Mountain House – Alta, Utah
Alta is a small ski town approximately 25 miles south of Salt Lake City, which at 8500-feet altitude is an ideal location for a winter resort but a challenging environment to build in. Its reputation for powder skiing is based on extreme snowfalls, averaging more than 40 feet most years.
All of this attracted a New York-domiciled client wanting a winter ski house but demanded a carefully considered design and construction programme from DHD. The resulting house is a radical insertion into the town landscape, with two solid concrete forms connected by a glass bridge intensifying the relationship with the surrounding mountains. Christened ‘tube’ and ‘crystal’, according to their external appearance, the two forms are slightly offset to reduce their mass and maximize view shafts towards surrounding mountain ranges. Both volumes are built into the slope which falls to a creek, with the tube volume partially cantilevered over the steeply descending site.

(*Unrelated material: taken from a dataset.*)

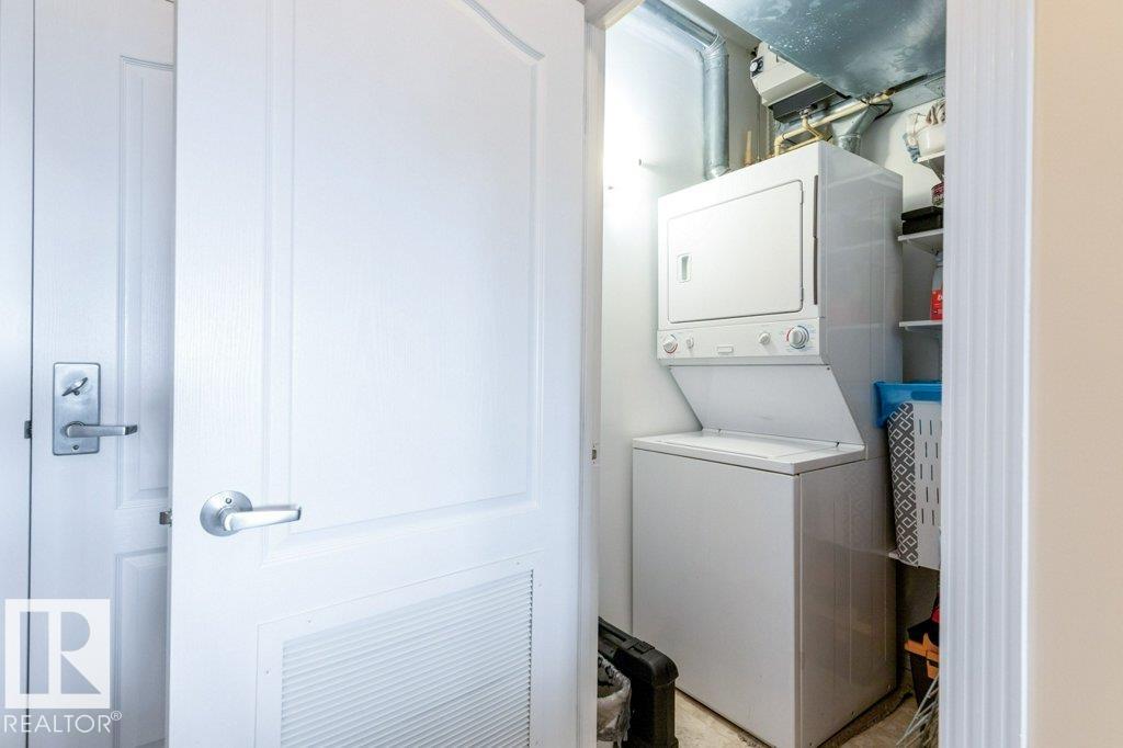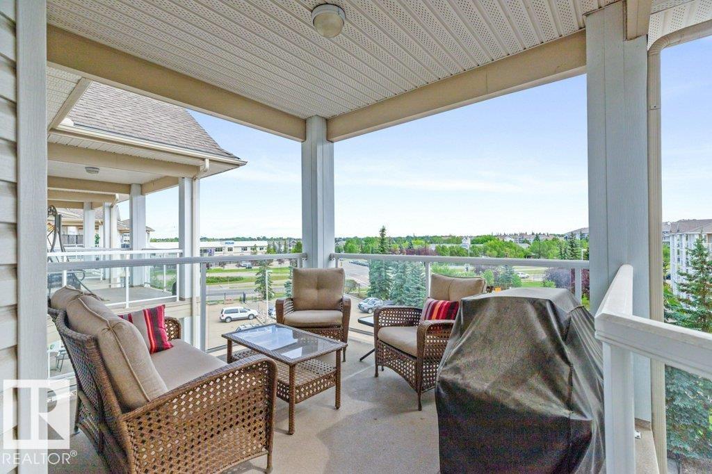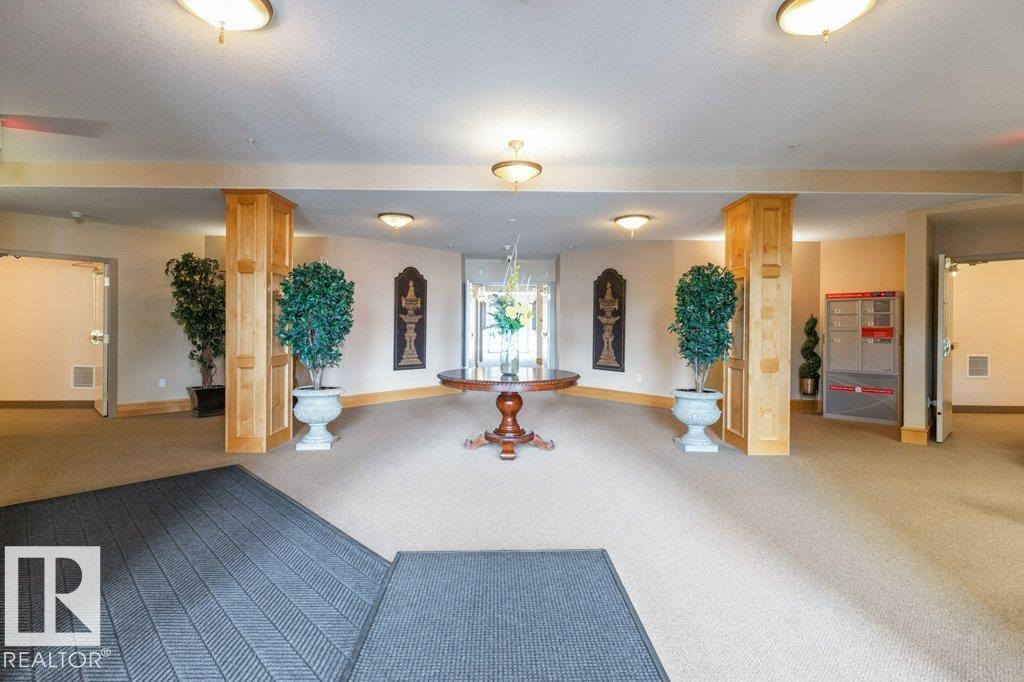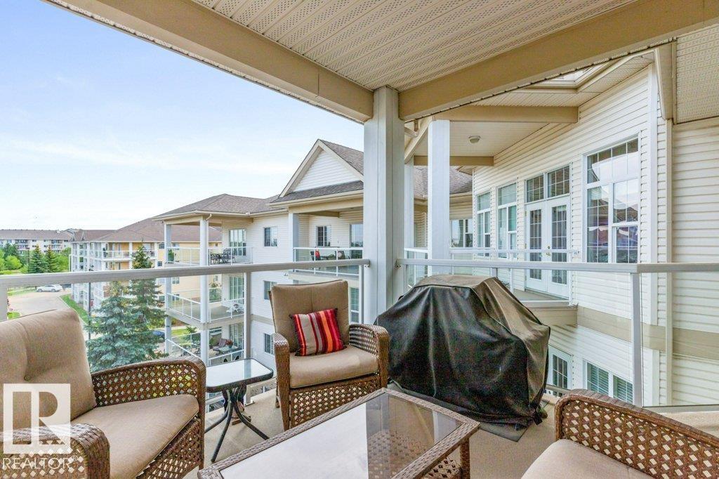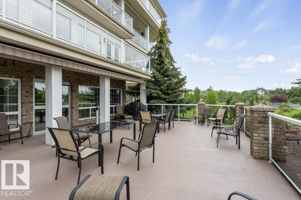 Looking to downsize into a premier ADULT 55+ building in SE Edmonton? If so, consider this spacious, 894 sq/ft, 1-bedroom plus den/bedroom, 1.5-bath home with central A/C in The Estates at Lakeside! This Top-Floor home features an open-concept kitchen, dining, & living room floor plan. The kitchen offers ample storage & counter space, along with a convenient breakfast bar. The dining room provides space for a table & hutch, & the living area can be configured to your preferences. The primary bedroom is well-sized and includes a full en-suite bath with a separate tub & shower. The 2nd bedroom/den can accommodate a queen bed, & there is a guest suite available for owners. Enjoy direct access to a large balcony from the living room. Laundry facilities are conveniently located off the two-piece bath. The home has been recently updated with new flooring throughout & fresh paint. Several amenities, including a guest suite, car wash, theatre room, patio & internet caf‚. Please note: No Pet, No Smoking building.

Presenting a solid face to the street, this striking mountain sanctuary reserves transparent elements for where it counts. The raking ceiling over the elongated living area in the tube volume opens up to a drama-filled 17-foot-high wall of windows that focus on soaring peaks to the west. In the crystal volume, picture windows in a music room frames views to the north. The light-weight glass and steel bridge that connects the two volumes on the top floor is the only point in the house where views extend in more than one direction.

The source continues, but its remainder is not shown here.